*Description of the task*: Reproduce from the records below, with no pictures, exactly the lines between the one containing "اعلانات التوظيف ليوم 25 ديسمبر 2013" and the one containing "Precision Fit &", inclusive.

*Data to examine*:

Start of Block

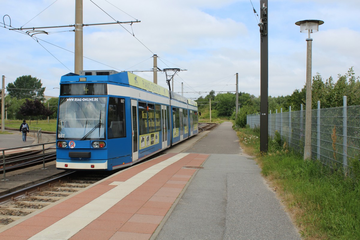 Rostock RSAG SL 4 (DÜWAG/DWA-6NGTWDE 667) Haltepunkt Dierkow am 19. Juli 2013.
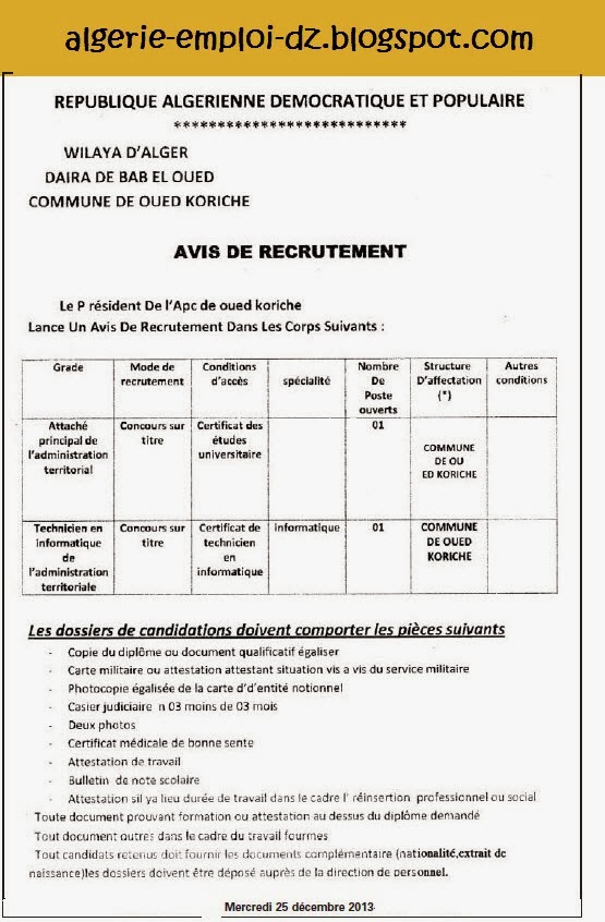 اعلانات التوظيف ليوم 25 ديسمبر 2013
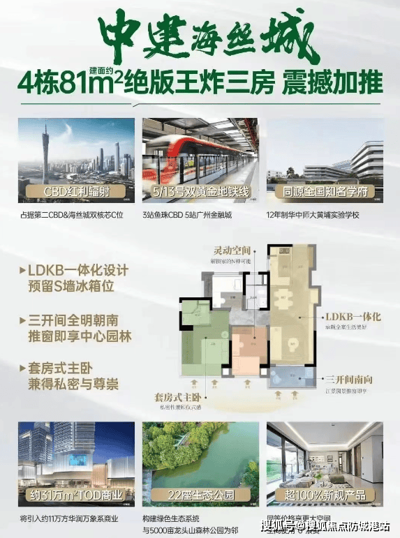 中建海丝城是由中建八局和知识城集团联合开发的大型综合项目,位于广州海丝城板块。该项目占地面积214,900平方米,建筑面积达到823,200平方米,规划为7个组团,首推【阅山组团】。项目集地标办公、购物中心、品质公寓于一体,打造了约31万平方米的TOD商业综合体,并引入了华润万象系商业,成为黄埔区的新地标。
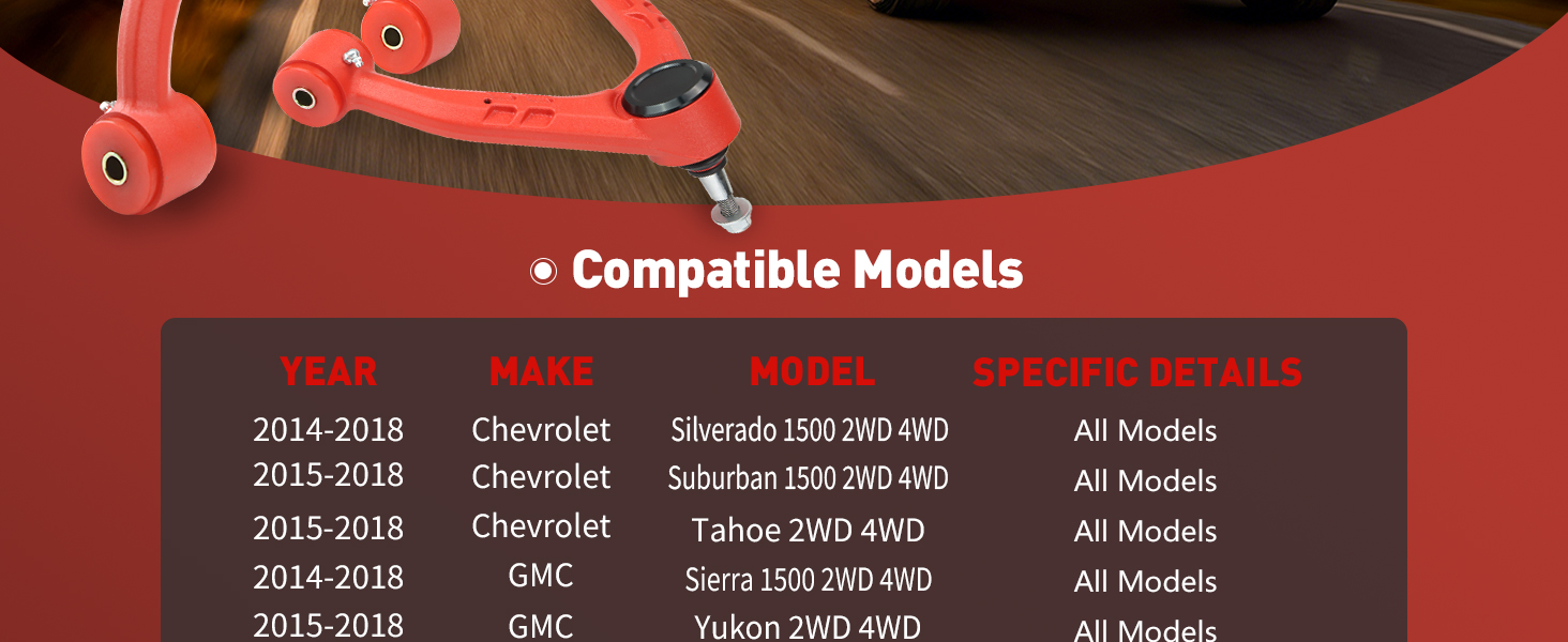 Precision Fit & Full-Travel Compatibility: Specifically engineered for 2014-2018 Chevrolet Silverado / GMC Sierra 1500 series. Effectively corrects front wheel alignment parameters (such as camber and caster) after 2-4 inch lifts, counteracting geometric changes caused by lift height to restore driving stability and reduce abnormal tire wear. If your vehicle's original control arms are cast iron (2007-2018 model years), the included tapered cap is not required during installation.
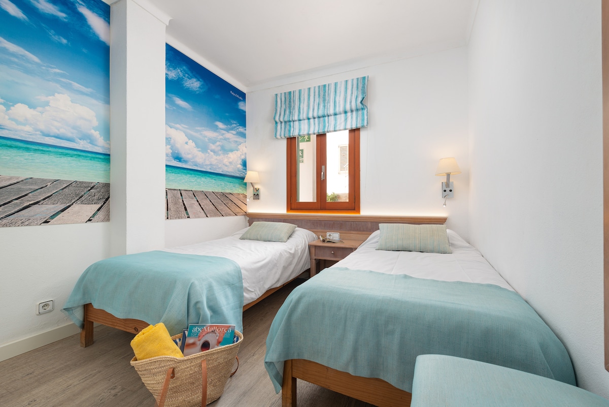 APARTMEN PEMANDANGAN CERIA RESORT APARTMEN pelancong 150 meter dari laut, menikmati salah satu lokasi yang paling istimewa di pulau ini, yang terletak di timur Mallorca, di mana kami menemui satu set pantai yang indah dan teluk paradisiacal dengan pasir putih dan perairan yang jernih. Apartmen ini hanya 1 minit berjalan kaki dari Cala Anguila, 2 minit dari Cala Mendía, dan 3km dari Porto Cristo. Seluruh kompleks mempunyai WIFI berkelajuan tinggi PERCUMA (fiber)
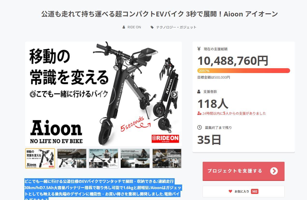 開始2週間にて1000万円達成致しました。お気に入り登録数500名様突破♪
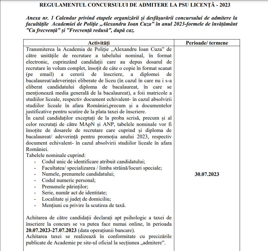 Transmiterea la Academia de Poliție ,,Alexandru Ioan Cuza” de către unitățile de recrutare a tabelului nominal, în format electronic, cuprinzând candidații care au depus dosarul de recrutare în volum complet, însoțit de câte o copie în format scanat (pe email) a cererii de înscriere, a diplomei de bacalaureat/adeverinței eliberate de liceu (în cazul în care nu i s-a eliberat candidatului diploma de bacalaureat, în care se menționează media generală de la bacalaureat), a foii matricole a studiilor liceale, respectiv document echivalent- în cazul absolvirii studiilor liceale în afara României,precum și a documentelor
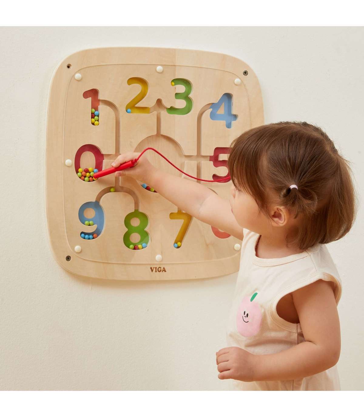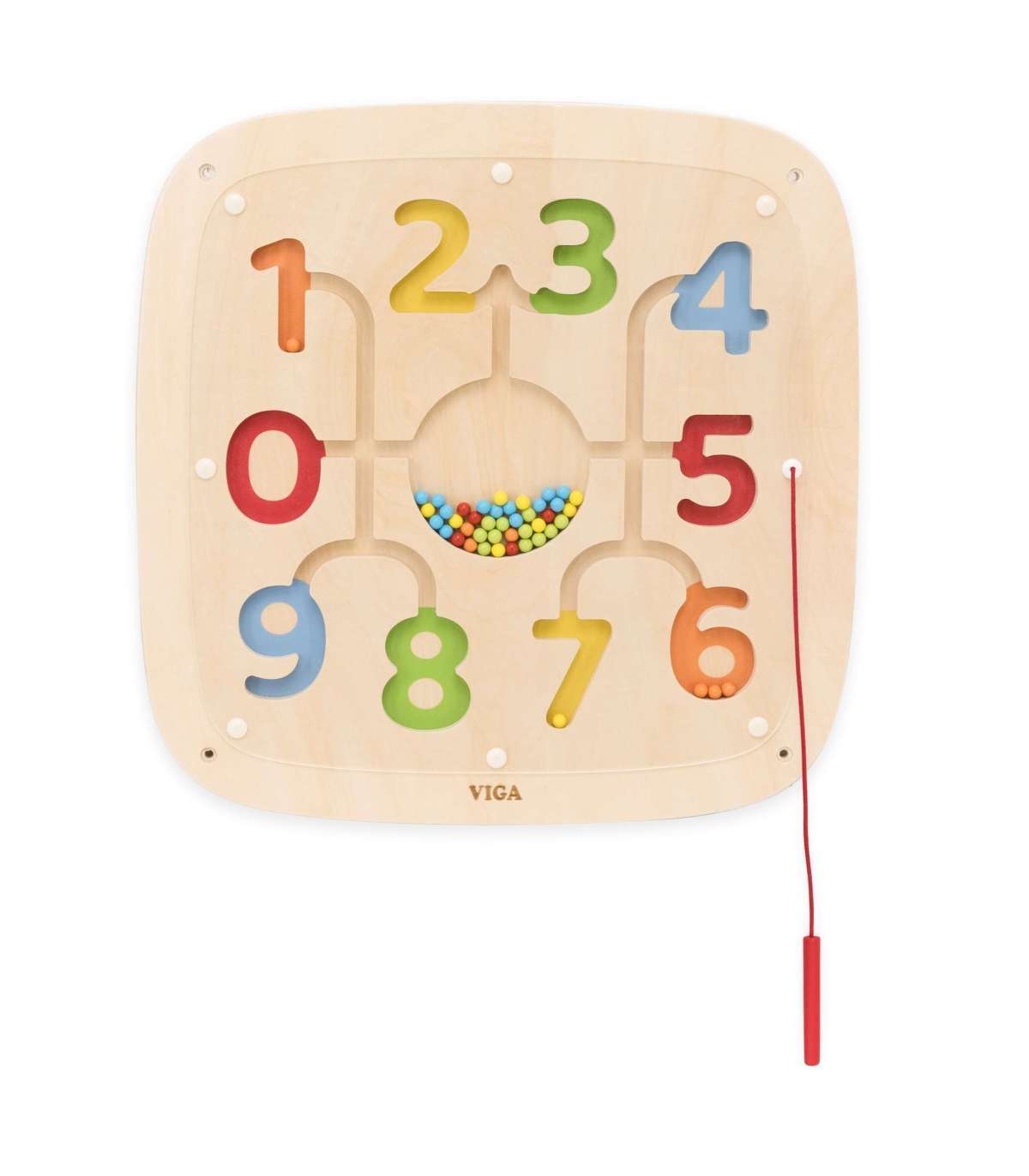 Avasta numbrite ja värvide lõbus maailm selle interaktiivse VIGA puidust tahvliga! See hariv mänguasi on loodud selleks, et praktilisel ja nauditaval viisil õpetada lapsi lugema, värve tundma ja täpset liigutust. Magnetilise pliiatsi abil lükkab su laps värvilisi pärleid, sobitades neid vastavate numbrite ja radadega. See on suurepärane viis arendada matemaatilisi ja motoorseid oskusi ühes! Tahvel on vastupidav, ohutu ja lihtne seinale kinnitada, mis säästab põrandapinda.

End of Block

*Answer section*:
 اعلانات التوظيف ليوم 25 ديسمبر 2013
 中建海丝城是由中建八局和知识城集团联合开发的大型综合项目,位于广州海丝城板块。该项目占地面积214,900平方米,建筑面积达到823,200平方米,规划为7个组团,首推【阅山组团】。项目集地标办公、购物中心、品质公寓于一体,打造了约31万平方米的TOD商业综合体,并引入了华润万象系商业,成为黄埔区的新地标。
 Precision Fit & Full-Travel Compatibility: Specifically engineered for 2014-2018 Chevrolet Silverado / GMC Sierra 1500 series. Effectively corrects front wheel alignment parameters (such as camber and caster) after 2-4 inch lifts, counteracting geometric changes caused by lift height to restore driving stability and reduce abnormal tire wear. If your vehicle's original control arms are cast iron (2007-2018 model years), the included tapered cap is not required during installation.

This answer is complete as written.